Some 650,000 people in China are HIV-positive but it's estimated that one in six infected people do not know their status, making estimates difficult to determine. Awareness about the disease and how it is transmitted remains low in China where nearly 20 per cent of the world's 10- to 24-year-olds, the age group most at risk of contracting the disease, live. Around 76,000 children have lost both parents to AIDS and 370,000 to 570,000 live in affected households. Because their lives are touched by AIDS, these children unfairly face stigma and discrimination.

UNICEF is actively working with the Government of China to provide care and support for children orphaned by AIDS; promote prevention programmes for young people, especially through the Youth AIDS Ambassadors; offer services to pregnant women to prevent transmission to newborns; and provide treatment for HIV-positive children.

The Sky Collapsed: A teenager learning to cope

"It seemed as if the sky collapsed when my parents died of AIDS," says Fen (not her real name), a 14-year-old girl from Guizhou province in China.

Fen and her sister are one of the estimated 570,000 Chinese children whose lives have been affected by AIDS.

China's National Committee for the Care of Children, with support from UNICEF, has been advocating for the rights of these children through special summer camps like Growing Up Together Under the Sunshine.

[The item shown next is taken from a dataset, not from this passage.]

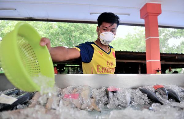 Kapsyen foto: JOHOR BAHRU, 16 Mac -- Amin Aszizi, 20, memakai penutup hidung dan mulut ketika berniaga di Pasar Nelayan Persatuan Nelayan Johor Selatan sebagai langkah pencegahan ekoran pencemaran sisa kimia di Sungai Kim Kim ketika tinjauan di Kampung Pasir Gudang Baru, hari ini. Jualan hasil tangkapan laut di pasar tersebut merosot kerana pelanggan bimbang dengan bahan kimia yang mencemari sungai itu. --fotoBERNAMA (2019) HAK CIPTA TERPELIHARA

Working with government, NGOs and civil society, UNICEF is supporting orphaned and vulnerable children like Fen by keeping them in school and with their families whenever possible. UNICEF also supports health services and works to end the stigma associated with AIDS.

Youth Ambassadors Reach Out to Peers

AIDS Youth Ambassador Liu Hui works as a nurse at a hospital in Beijing, China and uses her spare time to help ensure that people living with HIV and AIDS in rural areas receive their medications. “My happiness is to help people in need and dedicate myself to providing them with love and care,” she says.

In China, 100 AIDS Youth Ambassadors – all between the ages of 12 and 24 –create and disseminate information about AIDS in their schools and communities. Supported by UNICEF and the China National Committee for the Care of Children, the ambassadors also support HIV-affected children and their families. Communities in six provinces nominated children and young people to become ambassadors, sharing information and fighting stigma and discrimination.